Коль дождусь я веселы вёдра,
Дней красных,
Коли явится милость с небес ясных!
Ни с каких сторон света не видно,
Ненастье,
Нету надежды, бедно, ох да бедно, мое счастье!
Артельный подхватил песню, повел низким, грудным голосом:
Нет, ох-хо, нет света, не ви-идно,
Ненастье!
Нет надежды!
Нету…
Бедно ты, наше счастье…
Петр тронул ботфортом пламя, спросил: – Кто слова сложил, известно? – Люди, – ответил Пашутка. – Они все наши боли на слова ложат, кто ж еще. – Не люди, но человек! А имя ему Феофан Прокопович. Запомни сие, Павел сын Павла… Поднявшись, – как всегда резко, словно бы толкнули, – Петр вернулся к коляске, легко вспрыгнул на свое место, сказал Суворову: – Едем к слуге Мишке – время. Суворов тронул было коня, но государь остановил его, поманил артельного, спросил ласково: – А ну, скажи мне, старый, коли дал бы я тебе право взять в казне али под ссуду денег и дело начать, а с дела мне откуп платить, много б тебе стало легче жить? – Этого нельзя, – убежденно ответил артельный. – Отчего? – От веку. Я ж не барин, я по приказу живу. – Ну и коли все ж позволю? Артельный улыбнулся кроткой, застенчивой улыбкой и ответил тихо: – Да разве поверят, государь? Решат – шутишь. – У тебя к чему лежит сердце? К тому, чтоб приказали тебе? Или чтоб сам свое дело ставил? Артельный ответил: – Ты хоть молодых не тревожь, государь!
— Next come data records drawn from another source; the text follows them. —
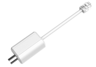
LR1002 ePoE Over Coax Converter
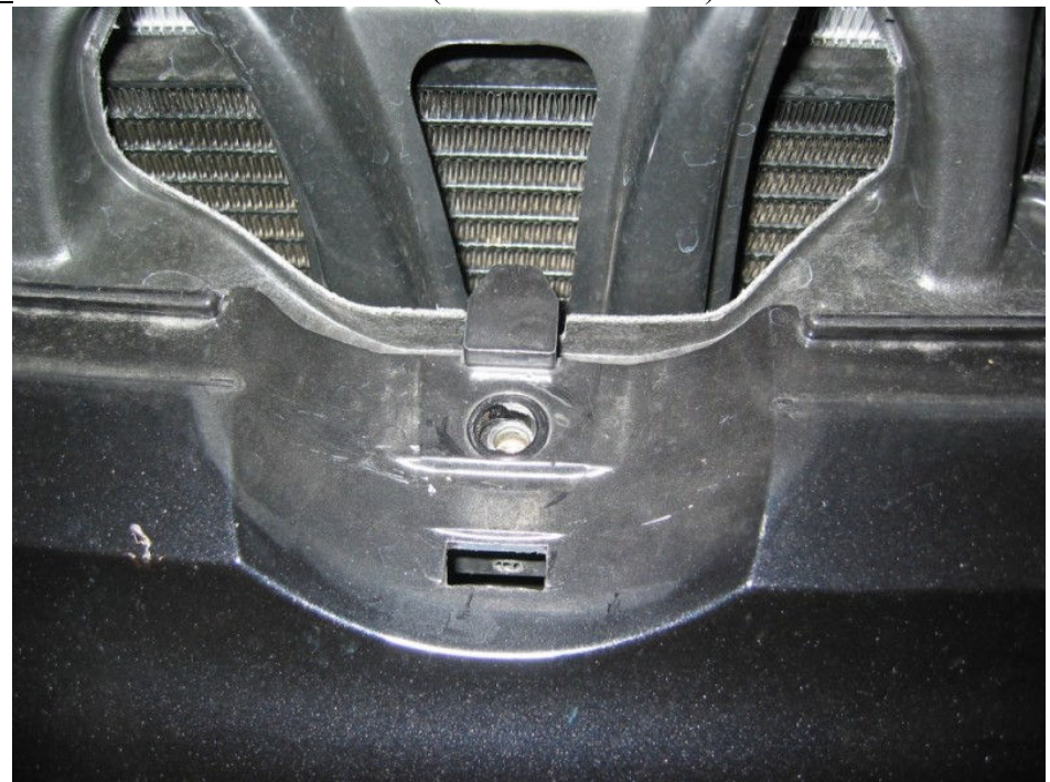
<u>Step 4</u> - Remove the torx bolt here (I think it was a t25):
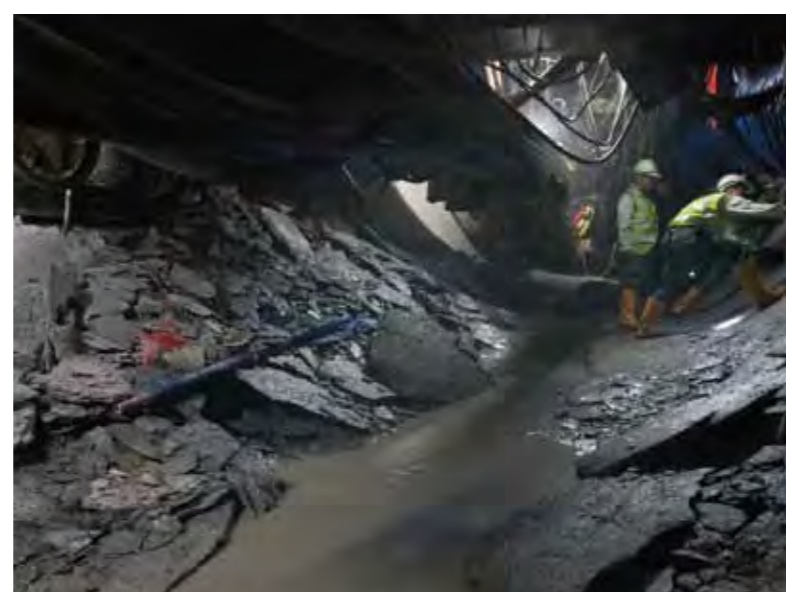
Rock burst at high overburden area (over 800m)
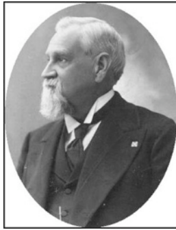
Lt. General Stephen Dill Lee, Commander General, United Confederate Veterans, New Orleans, Louisiana April 25, 1906

"To you, Sons of Confederate Veterans, we will commit the vindication of the Cause for which we fought. To your strength will be given the defense of the Confederate soldiers' good name, the guardianship of his history, the emulation of his virtues, the perpetuation of those principles which he loved, and which you love also, and those ideals which made him glorious, and which you also cherish. "
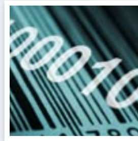
Stock Control System
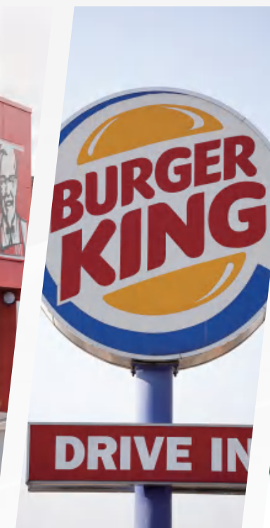
Burger King 汉堡王
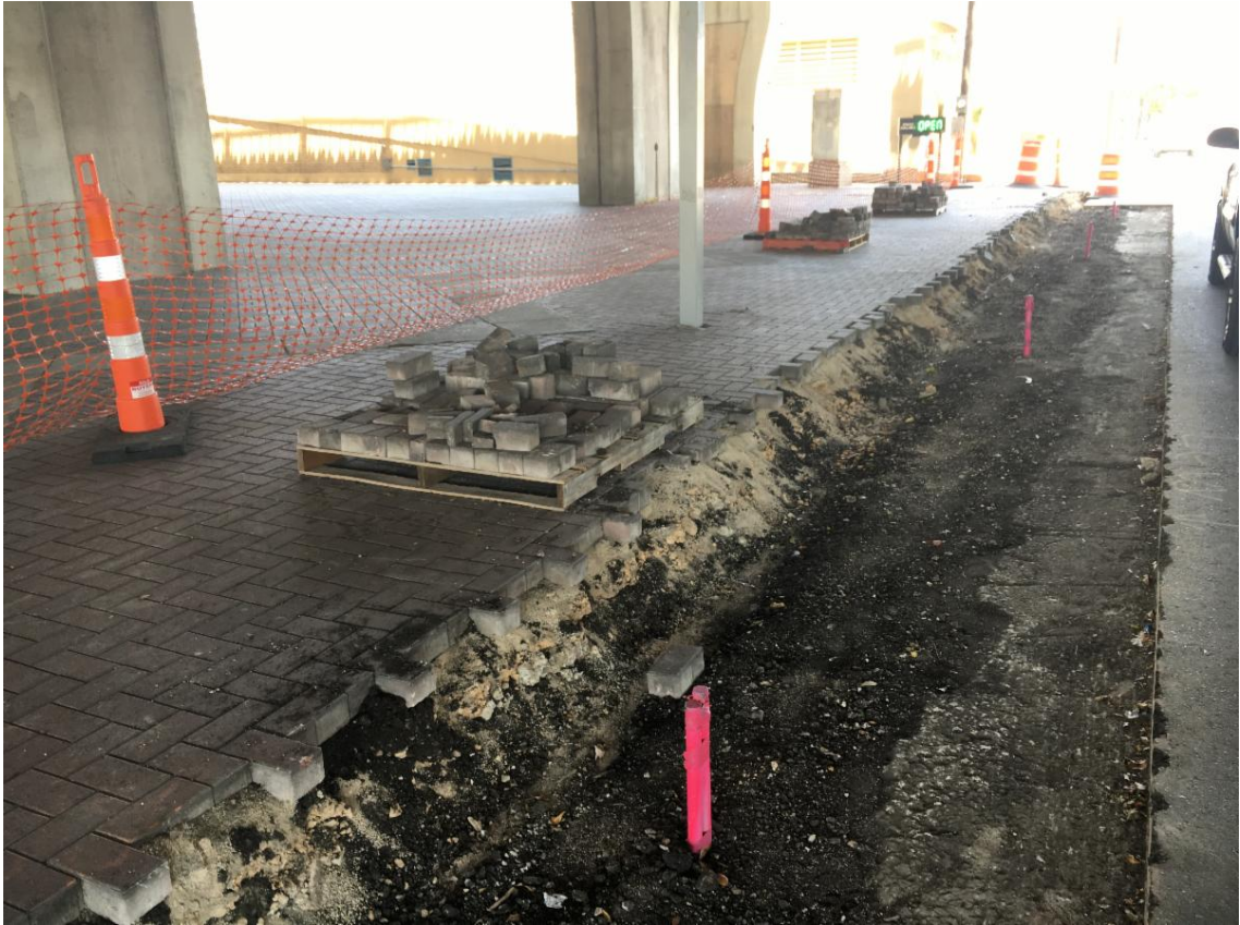
Curb and brick paver removal on Buena Vista (Under IH35)

Они ж твое слово передадут другим, а их за это – на дыбу! – Я это мое слово печатно изложу и повелю его с барабанным боем читать по площадям, – тихо, словно бы себе самому, ответил Петр и явственно увидел амстердамскую площадь, веселый, шумный рынок, чокелатные кавейни, пивные заведения, горожан в красивых нарядах и веселое торжище, где радостной игры было куда как более, чем шейлоковой битвы за гульден или ефимок; а за этим шумным многоцветьем вдруг увиделось лицо художника Гельдера, когда тот кончил последний сеанс и долго рассказывал про то, как умирал его учитель Рембрандт, ходивший по рядам в вонючем рубище, ожидая подаяния рыбаков после того, как кончался торг. …Рембрандт виделся Петру отчего-то бритым наголо, с трясущейся левой рукой. И всю жизнь с той поры мечтал Петр о том, кто был бы ему как отец, – пусть старый и бессильный, но все одно не страшно жить, коли можно ткнуться ему головою в мягкий живот и замереть, преклонив колена, ожидая того сладостного мига, когда рука его ляжет на голову и снимет страдания, примет в себя, исцелит и даст силу выстоять… * * *
Февраль 1725 года.
«Сир! События прошедшей недели столь драматичны, что эмоции могут лишь повредить беспристрастному исследованию того, что свершилось, и – соответственно – того, что, возможно, свершится.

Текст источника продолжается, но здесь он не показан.